Depth-Anything	AbsRel	SqRel	RMSE	delta_1	delta_2	delta_3
Private room	0.0836	0.0297	0.2500	91.87	98.78	99.80
Office	0.0990	0.0454	0.313	88.12	97.61	99.45
Hallway	0.1074	0.0683	0.4726	87.02	96.55	99.05
Lounge	0.1053	0.0920	0.631	88.34	97.69	99.33
Meeting Room	0.0899	0.0462	0.3591	90.28	98.52	99.76
Large Room	0.1051	0.0974	0.686	88.61	97.91	99.27
Classroom	0.0870	0.0426	0.3465	90.24	98.61	99.81
Library	0.0947	0.0641	0.5150	90.08	98.09	99.43
Kitchen	0.0863	0.0390	0.2480	91.97	97.99	99.13
Playroom	0.0871	0.0416	0.3453	91.23	98.38	99.62
Living Room	0.0921	0.0472	0.3448	90.26	97.80	99.47
Bathroom	0.0860	0.0337	0.1965	92.71	99.72	98.76
Overall	0.0928	0.0506	0.3806	90.01	98.09	99.54

ZoeDepth (N)	AbsRel	SqRel	RMSE	delta_1	delta_2	delta_3
Private room	0.0798	0.0253	0.2218	93.86	99.44	99.90
Office	0.0978	0.0447	0.3102	90.07	97.80	99.52
Hallway	0.1193	0.0741	0.5271	85.84	96.95	99.10
Lounge	0.1172	0.1110	0.7033	86.61	97.02	99.11
Meeting Room	0.0887	0.0391	0.3379	93.55	99.05	99.79
Large Room	0.1565	0.1701	0.9157	77.19	94.95	99.33
Classroom	0.0719	0.0282	0.2873	95.37	99.43	99.91
Library	0.1163	0.0875	0.6274	87.34	96.93	98.99
Kitchen	0.1256	0.0589	0.2825	87.10	96.70	98.00
Playroom	0.0790	0.0300	0.2508	94.21	98.09	99.88
Living Room	0.0862	0.0390	0.3036	91.72	98.31	99.58
Bathroom	0.1065	0.0358	0.1880	93.64	97.64	98.17
Overall	0.0962	0.0533	0.3890	90.81	98.22	99.52

Added VPD

VPD	AbsRel	SqRel	RMSE	delta_1	delta_2	delta_3
Private room	0.0768	0.0325	0.2428	93.76	98.70	99.60
Office	0.1019	0.0548	0.3374	89.52	97.52	99.26
Hallway	0.1174	0.0828	0.5233	86.66	96.40	98.72
Lounge	0.1313	0.1286	0.7306	83.06	95.90	98.83
Meeting Room	0.0992	0.0568	0.3742	91.51	98.262	99.43
Large Room	0.1292	0.1460	0.7903	83.90	95.87	98.89
Classroom	0.0744	0.0344	0.3034	94.73	98.94	99.72
Library	0.1258	0.1311	0.6885	85.22	95.34	98.62
Kitchen	0.0958	0.0538	0.2469	92.56	96.36	98.64
Playroom	0.0735	0.0313	0.2574	95.17	98.38	99.83
Living Room	0.0910	0.0510	0.3490	91.45	97.59	99.25
Bathroom	0.0955	0.0472	0.2279	92.95	97.04	97.98
Overall	0.0983	0.0661	0.1412	90.23	97.48	99.22

Analysis tool

Go to each method subfolder (last updated: 12 recent SOTA methods, keep growing and updating with the trends) and see respective README instruction for evalution.
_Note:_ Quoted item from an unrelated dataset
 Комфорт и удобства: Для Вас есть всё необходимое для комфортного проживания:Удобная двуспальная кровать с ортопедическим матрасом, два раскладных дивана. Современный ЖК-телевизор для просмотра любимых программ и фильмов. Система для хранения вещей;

All the execution results contain a pile of *.txt file. *-all means overall performance. H0-H2 means level of hierarchy. and H1_xx means scene space type number. See space_type_def.yml for space type number definition.
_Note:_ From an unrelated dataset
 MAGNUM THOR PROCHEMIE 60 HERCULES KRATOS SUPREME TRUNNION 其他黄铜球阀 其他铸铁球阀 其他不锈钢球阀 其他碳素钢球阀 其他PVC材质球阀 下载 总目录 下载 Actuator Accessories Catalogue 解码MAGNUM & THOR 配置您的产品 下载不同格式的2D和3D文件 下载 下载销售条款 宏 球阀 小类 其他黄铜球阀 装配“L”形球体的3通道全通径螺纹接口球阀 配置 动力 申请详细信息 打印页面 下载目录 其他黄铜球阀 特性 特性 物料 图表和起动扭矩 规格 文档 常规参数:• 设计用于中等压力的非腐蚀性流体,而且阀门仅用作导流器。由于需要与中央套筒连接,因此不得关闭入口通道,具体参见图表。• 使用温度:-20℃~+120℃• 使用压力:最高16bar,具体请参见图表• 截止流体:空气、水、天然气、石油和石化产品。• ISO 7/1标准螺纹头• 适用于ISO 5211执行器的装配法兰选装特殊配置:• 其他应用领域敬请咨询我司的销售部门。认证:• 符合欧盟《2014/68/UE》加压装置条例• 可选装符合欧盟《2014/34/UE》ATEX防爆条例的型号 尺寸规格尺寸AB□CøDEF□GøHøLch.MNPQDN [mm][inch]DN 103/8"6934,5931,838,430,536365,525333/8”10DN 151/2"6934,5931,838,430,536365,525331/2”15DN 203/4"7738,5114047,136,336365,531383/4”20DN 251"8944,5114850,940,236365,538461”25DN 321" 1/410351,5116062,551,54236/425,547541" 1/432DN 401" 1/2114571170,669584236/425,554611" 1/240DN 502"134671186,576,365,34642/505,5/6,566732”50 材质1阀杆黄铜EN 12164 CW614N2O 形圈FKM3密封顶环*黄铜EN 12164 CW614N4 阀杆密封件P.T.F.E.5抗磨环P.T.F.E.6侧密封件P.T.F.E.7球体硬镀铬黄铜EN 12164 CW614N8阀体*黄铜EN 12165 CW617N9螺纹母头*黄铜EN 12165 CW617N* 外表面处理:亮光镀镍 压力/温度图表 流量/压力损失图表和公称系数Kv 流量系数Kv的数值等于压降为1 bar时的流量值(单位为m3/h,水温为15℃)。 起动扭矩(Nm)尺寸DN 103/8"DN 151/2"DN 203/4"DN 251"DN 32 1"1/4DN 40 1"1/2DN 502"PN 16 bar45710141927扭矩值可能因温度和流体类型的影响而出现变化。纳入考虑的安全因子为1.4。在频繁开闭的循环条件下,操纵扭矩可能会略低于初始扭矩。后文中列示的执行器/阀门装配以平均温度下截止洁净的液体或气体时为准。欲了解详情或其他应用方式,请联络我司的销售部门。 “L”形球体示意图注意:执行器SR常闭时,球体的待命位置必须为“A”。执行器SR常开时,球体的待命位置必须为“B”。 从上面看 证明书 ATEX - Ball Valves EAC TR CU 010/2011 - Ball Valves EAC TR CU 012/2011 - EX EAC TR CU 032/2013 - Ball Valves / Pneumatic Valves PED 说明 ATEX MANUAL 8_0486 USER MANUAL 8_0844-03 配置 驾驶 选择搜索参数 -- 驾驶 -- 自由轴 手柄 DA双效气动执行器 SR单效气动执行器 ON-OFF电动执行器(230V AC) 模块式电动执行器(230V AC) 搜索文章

InSpaceType all data: This contains 40K RGBD pairs, about 500G the whole InSpaceType dataset. The whole data is split into 8 chunks. Please download all chunks in the folder and extract them under the root folder. Filepath reads are all written to be relative to the root path.

The data is indexed by <seq_num> folders. In each folder, it contains images and depth maps.

Analysis in a nutshell

Analysis I-II [Benchmark on overall performance and space type breakdown]:
The table shows challenging InSpaceType benchmark for the overall performance, following the major monocular depth estimation protocol and metrics. We adopt the following publicly released models trained on NYUv2 for evaluation. Recent work using larger-scale backbone models obtains lower error and higher accuracy.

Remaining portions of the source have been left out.